* Material supplied
***

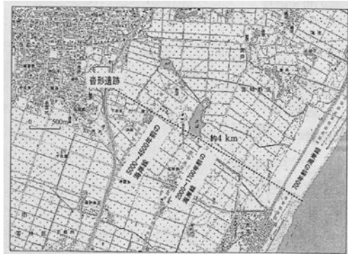
沓形遺跡の現在地を示す地図（仙台市博物館資料）

仙台市若林区荒井にある沓形遺跡 くつがた の発掘調査では、津波で運ばれた砂で埋まった弥生時代の水田が発見されている。遺跡は現在の海岸線から約4 km内陸にある。当時の海岸線からも2 km内陸にあることから、この津波では2 km以上先まで浸水したということになる。
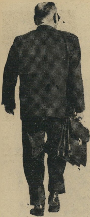
איסר הראל מאחרי הגב

דיין, לבון, עם כולם. בן-גוריון קיבל אותו יפה, אבל לא היה מוכן לגלות כלום. ככה נהגו גם האחרים.
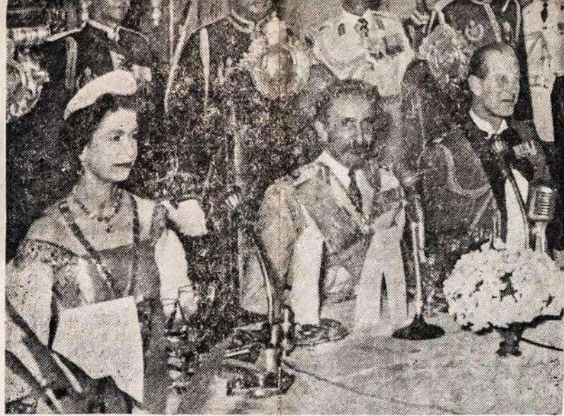
Anglijos karalienė Elzbieta ir princas Pilypas nuskrido į Etiopiją pasisvečiuoti pas imperatrių Haile Selassie. Paveiksle matome imperatorių, sėdintį tarp svečių, atskridusių į Etiopiją trim dienom oficialiam vizitui.

MASKVA. — Prieš pusę metų sovietų spaudoje buvo labai puolamas jaunimo mėgiamas šokis "twist". Jis buvo vadinamas buržuaziniu ir svetimu komunistinei dvasiai. Antradienį "Večiornaja Moskva" rašo, kad "mes nieko prieš neturime prieš twistą, ypač jei jis gražiai šokamas". Kiti naujoviški Amerikos jaunimo šokiai iki Maskvos dar neatkeliavo.
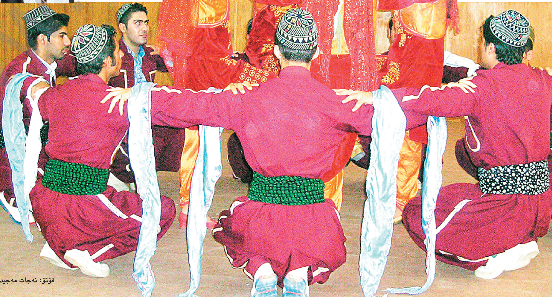
فوتق: نه جات مه جید

جه ماوه ردا، وهزی دووه میشی له سالی ۲۰۰۳ دا پیشکه شکرودوه له سالی ۲۰۰۳ دا وهزی سیبه می پیشکه شکرودوه که دهنگو سه دایه کی باشی له نیو کورستاندا هه بوو. تپی هونهری میلی بیجگه له و نمایش و وهزانی پیشکه شکرودون به شداری سئ فیستقالی دهره وه ی هه ری می کورستان کردوه، نه وانیش له ئیران و هۆلندا و به غدا بۆ داهاتوو. تپی هونهری میلی له سالی ۱۹۹۷ دامه زراوه یه که م وهزی نمایشی له سالی ۱۹۹۸ له نه جامداره، وهک یه کتر نا سین له گه ل
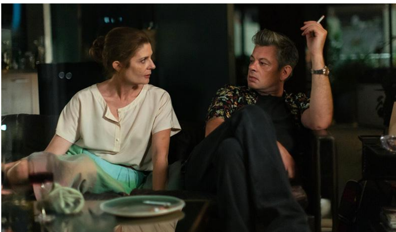
Кадр из фильма «Мой Марчелло»

В формате перевыпуска зрители смогут вновь увидеть на больших экранах вестерн Серджио Корбуччи «Джанго» , впервые вышедший на экраны в 1966 году, и аниме Хаяо Миядзаки 1989 года «Ведьмина служба доставки» .
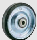
耐摩耗ゴム (鋼板ホイル,B入) (WF(AR))
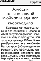
Ахыры 2-чи бетдеди.
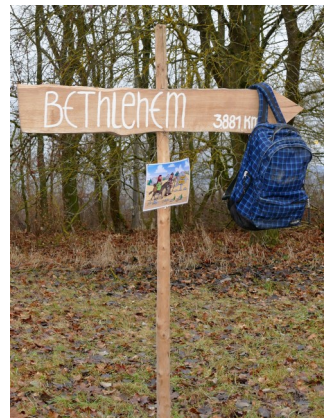
Bild oben: Aktive Krippe; Bild rechts unten: „Bethlehem: 3881 km“ – ganz so weit war der Stationenweg dann doch nicht.

An jeder Station gab es eine Geschichte, Gebete und ein Lied zum Anhören, oder auch ganz praktisch was zu tun. Trotz des anfänglich schlechten Wetters wurde der Weg viel genutzt. Danke für die viele positive Resonanz und großen Dank an alle die mit-überlegt, mit-gebastelt, mit-dekoriert und mit-unterstützt haben!
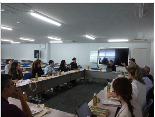
10月2日【テーマ関連講義・視察】精華大学
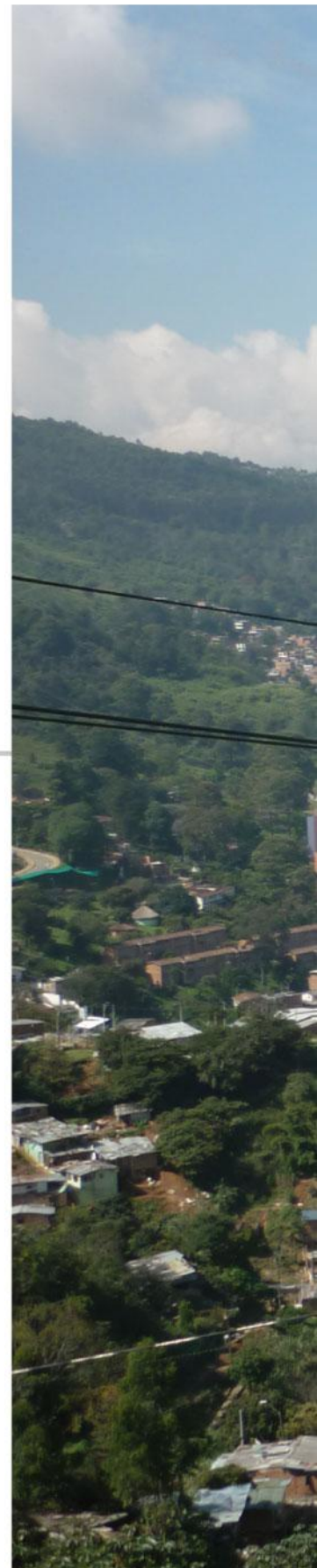
Panorámica de Medellín desde el

Desde el inicio de la operación comercial de Línea H, han ingresado más de 34.000 usuarios. Cerca de 12.000 usuarios ingresaron por la estación Las Torres y 22.000 por la estación Villa Sierra.
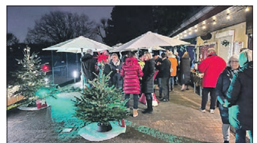
Auf der Clubterrasse feierten rund 40 Mitglieder den Jahresausklang.

Unterstützung im Laufe des Jahres. Auch Helferinnen und Helfer, die Veranstaltungen begleitet hatten, wurden erwähnt. Die erste Veranstaltung im neuen Jahr ist die Mitgliederversammlung am Freitag, 19. März.
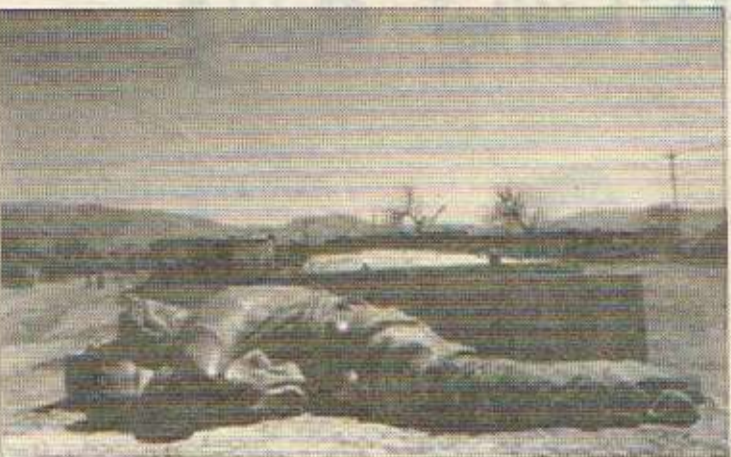
هەلەجەئێ شههید: باوئێشی باوکیش کۆریەکانی لە گازی بەعس رزگار نەکرد

بەلێ دەکرت. پیماننامەئێ سێفەر و بریاری ۶۸۸ وەک پیماننامە و بریارێک، لە راستیدا چارەسەرێ تەوا یان بۆ کیشەئێ کورد دانەنارە چونکە بریاری ۶۸۸ تەنیا رێزگرتنی مافی سۆزای لە سەرۆکی عێراقدا، جگە لەمانەش مەسەلەئێ کورد چەند جارێک بوو بە بابەتی چەند رێککەوتننامەئێک لە ئێوان ولاتانی دەرووبەری گەلی کورددا. ئەو رێککەوتننامەئێش گەرچی هەمسو لە دژ کورد بوون، بەلام بۆ خۆیان گەلی کورد مەبست بوو: لەوێدا و بەتەواوی لە دژی وی بوون. ئەوانەئێ بەرژوونەئێ گەلی کوردیان ئێدا بوو تەنیا سێفەر و بریاری ۶۸۸ بوون. سێفەر چەند لایەنی هەبوو، چارەسەرێکی ئێوانچال، بە چەند مەرجێکی سەختەو کە زۆر ئەستەم بوو جێبەجێ بکرتن. بریار، پیماننامە، کەئێ دێکیومنت و بەلگەنامە هەن لە یاسای ئێدوولەتاندا کە گەلی کوردیش دەکرتو: هێلەتان هەمسو بە یەکسان دەکرتو. هەلەت کار کورد ئۆرگانێکی دەستووری ئەبێت زۆر سەختە بێوانێت سوود لە یاسای ئێدوولەتان وەرگیرت: کیشەئێ بە پالیشتی رێککەوتننامەئێک، پیماننامەئێکی ئێدوولەتەوێی بەرێتە پێشەو. گەلی کورد لە رەوا ئێ کیشەئێکە پێدوولەتێت هەوێ بەت ئەو لایانەئێ کە دەکرتن بێن بە تیشک بۆ چارەسەرکردنی کیشەئێ کوردیان ئێ وەرگیرت. تا ئێمە خۆمان بێوانین رۆلمان هەبیت لە مەیدانی سیاسەتی جیهاندا.
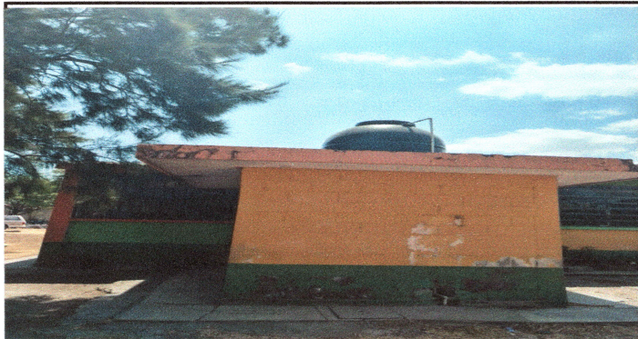
Foto9: SE REALIZARA REPARACION DE RED DE DRENAJE Y RED DE AGUA POTABLE.
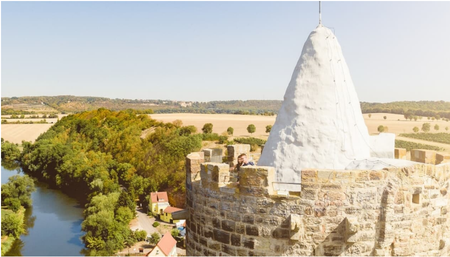
schoenburg - © Transmedial
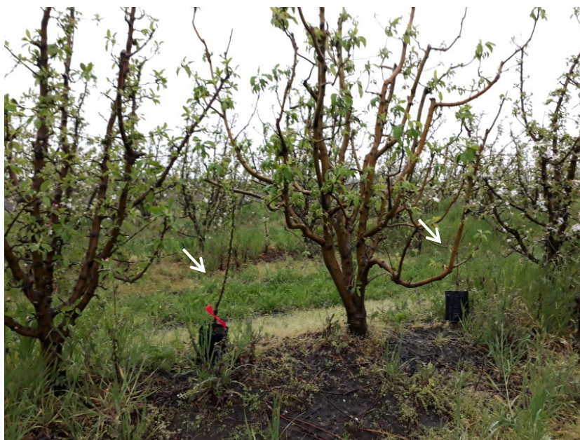
Figura 1. Plantas de manzano variedad Oregon Spur (flecha blanca), mantenidas en un monte que presentó 30% de aislados resistentes in vitro , durante uno de los eventos de infección de Venturia inaequalis

Aproximadamente a los 15 días del primer evento de infección se observaron los primeros síntomas mientras que la evaluación del ensayo se realizó 15 días después de ocurrido el segundo evento de infección. Los resultados se muestran en el cuadro 2.
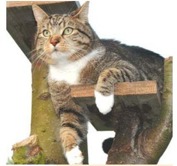
Kater Elvis im Jagdfieber

Es dämmt. Die Nacht kündigt sich an. Noch etwas schlaftrunken springe ich vom Regal. Die Jagdsaison ist eröffnet.
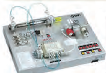
回路実習キット 入門編・実践編

***

* Task description
Exact reproduction of the entries above is what's needed; images stay out.

* Exercise solution
沓形遺跡の現在地を示す地図（仙台市博物館資料）

仙台市若林区荒井にある沓形遺跡 くつがた の発掘調査では、津波で運ばれた砂で埋まった弥生時代の水田が発見されている。遺跡は現在の海岸線から約4 km内陸にある。当時の海岸線からも2 km内陸にあることから、この津波では2 km以上先まで浸水したということになる。
איסר הראל מאחרי הגב

דיין, לבון, עם כולם. בן-גוריון קיבל אותו יפה, אבל לא היה מוכן לגלות כלום. ככה נהגו גם האחרים.
Anglijos karalienė Elzbieta ir princas Pilypas nuskrido į Etiopiją pasisvečiuoti pas imperatrių Haile Selassie. Paveiksle matome imperatorių, sėdintį tarp svečių, atskridusių į Etiopiją trim dienom oficialiam vizitui.

MASKVA. — Prieš pusę metų sovietų spaudoje buvo labai puolamas jaunimo mėgiamas šokis "twist". Jis buvo vadinamas buržuaziniu ir svetimu komunistinei dvasiai. Antradienį "Večiornaja Moskva" rašo, kad "mes nieko prieš neturime prieš twistą, ypač jei jis gražiai šokamas". Kiti naujoviški Amerikos jaunimo šokiai iki Maskvos dar neatkeliavo.
فوتق: نه جات مه جید

جه ماوه ردا، وهزی دووه میشی له سالی ۲۰۰۳ دا پیشکه شکرودوه له سالی ۲۰۰۳ دا وهزی سیبه می پیشکه شکرودوه که دهنگو سه دایه کی باشی له نیو کورستاندا هه بوو. تپی هونهری میلی بیجگه له و نمایش و وهزانی پیشکه شکرودون به شداری سئ فیستقالی دهره وه ی هه ری می کورستان کردوه، نه وانیش له ئیران و هۆلندا و به غدا بۆ داهاتوو. تپی هونهری میلی له سالی ۱۹۹۷ دامه زراوه یه که م وهزی نمایشی له سالی ۱۹۹۸ له نه جامداره، وهک یه کتر نا سین له گه ل
Кадр из фильма «Мой Марчелло»

В формате перевыпуска зрители смогут вновь увидеть на больших экранах вестерн Серджио Корбуччи «Джанго» , впервые вышедший на экраны в 1966 году, и аниме Хаяо Миядзаки 1989 года «Ведьмина служба доставки» .
耐摩耗ゴム (鋼板ホイル,B入) (WF(AR))
Ахыры 2-чи бетдеди.
Bild oben: Aktive Krippe; Bild rechts unten: „Bethlehem: 3881 km“ – ganz so weit war der Stationenweg dann doch nicht.

An jeder Station gab es eine Geschichte, Gebete und ein Lied zum Anhören, oder auch ganz praktisch was zu tun. Trotz des anfänglich schlechten Wetters wurde der Weg viel genutzt. Danke für die viele positive Resonanz und großen Dank an alle die mit-überlegt, mit-gebastelt, mit-dekoriert und mit-unterstützt haben!
10月2日【テーマ関連講義・視察】精華大学
Panorámica de Medellín desde el

Desde el inicio de la operación comercial de Línea H, han ingresado más de 34.000 usuarios. Cerca de 12.000 usuarios ingresaron por la estación Las Torres y 22.000 por la estación Villa Sierra.
Auf der Clubterrasse feierten rund 40 Mitglieder den Jahresausklang.

Unterstützung im Laufe des Jahres. Auch Helferinnen und Helfer, die Veranstaltungen begleitet hatten, wurden erwähnt. Die erste Veranstaltung im neuen Jahr ist die Mitgliederversammlung am Freitag, 19. März.
هەلەجەئێ شههید: باوئێشی باوکیش کۆریەکانی لە گازی بەعس رزگار نەکرد

بەلێ دەکرت. پیماننامەئێ سێفەر و بریاری ۶۸۸ وەک پیماننامە و بریارێک، لە راستیدا چارەسەرێ تەوا یان بۆ کیشەئێ کورد دانەنارە چونکە بریاری ۶۸۸ تەنیا رێزگرتنی مافی سۆزای لە سەرۆکی عێراقدا، جگە لەمانەش مەسەلەئێ کورد چەند جارێک بوو بە بابەتی چەند رێککەوتننامەئێک لە ئێوان ولاتانی دەرووبەری گەلی کورددا. ئەو رێککەوتننامەئێش گەرچی هەمسو لە دژ کورد بوون، بەلام بۆ خۆیان گەلی کورد مەبست بوو: لەوێدا و بەتەواوی لە دژی وی بوون. ئەوانەئێ بەرژوونەئێ گەلی کوردیان ئێدا بوو تەنیا سێفەر و بریاری ۶۸۸ بوون. سێفەر چەند لایەنی هەبوو، چارەسەرێکی ئێوانچال، بە چەند مەرجێکی سەختەو کە زۆر ئەستەم بوو جێبەجێ بکرتن. بریار، پیماننامە، کەئێ دێکیومنت و بەلگەنامە هەن لە یاسای ئێدوولەتاندا کە گەلی کوردیش دەکرتو: هێلەتان هەمسو بە یەکسان دەکرتو. هەلەت کار کورد ئۆرگانێکی دەستووری ئەبێت زۆر سەختە بێوانێت سوود لە یاسای ئێدوولەتان وەرگیرت: کیشەئێ بە پالیشتی رێککەوتننامەئێک، پیماننامەئێکی ئێدوولەتەوێی بەرێتە پێشەو. گەلی کورد لە رەوا ئێ کیشەئێکە پێدوولەتێت هەوێ بەت ئەو لایانەئێ کە دەکرتن بێن بە تیشک بۆ چارەسەرکردنی کیشەئێ کوردیان ئێ وەرگیرت. تا ئێمە خۆمان بێوانین رۆلمان هەبیت لە مەیدانی سیاسەتی جیهاندا.
Foto9: SE REALIZARA REPARACION DE RED DE DRENAJE Y RED DE AGUA POTABLE.
schoenburg - © Transmedial
Figura 1. Plantas de manzano variedad Oregon Spur (flecha blanca), mantenidas en un monte que presentó 30% de aislados resistentes in vitro , durante uno de los eventos de infección de Venturia inaequalis

Aproximadamente a los 15 días del primer evento de infección se observaron los primeros síntomas mientras que la evaluación del ensayo se realizó 15 días después de ocurrido el segundo evento de infección. Los resultados se muestran en el cuadro 2.
Kater Elvis im Jagdfieber

Es dämmt. Die Nacht kündigt sich an. Noch etwas schlaftrunken springe ich vom Regal. Die Jagdsaison ist eröffnet.
回路実習キット 入門編・実践編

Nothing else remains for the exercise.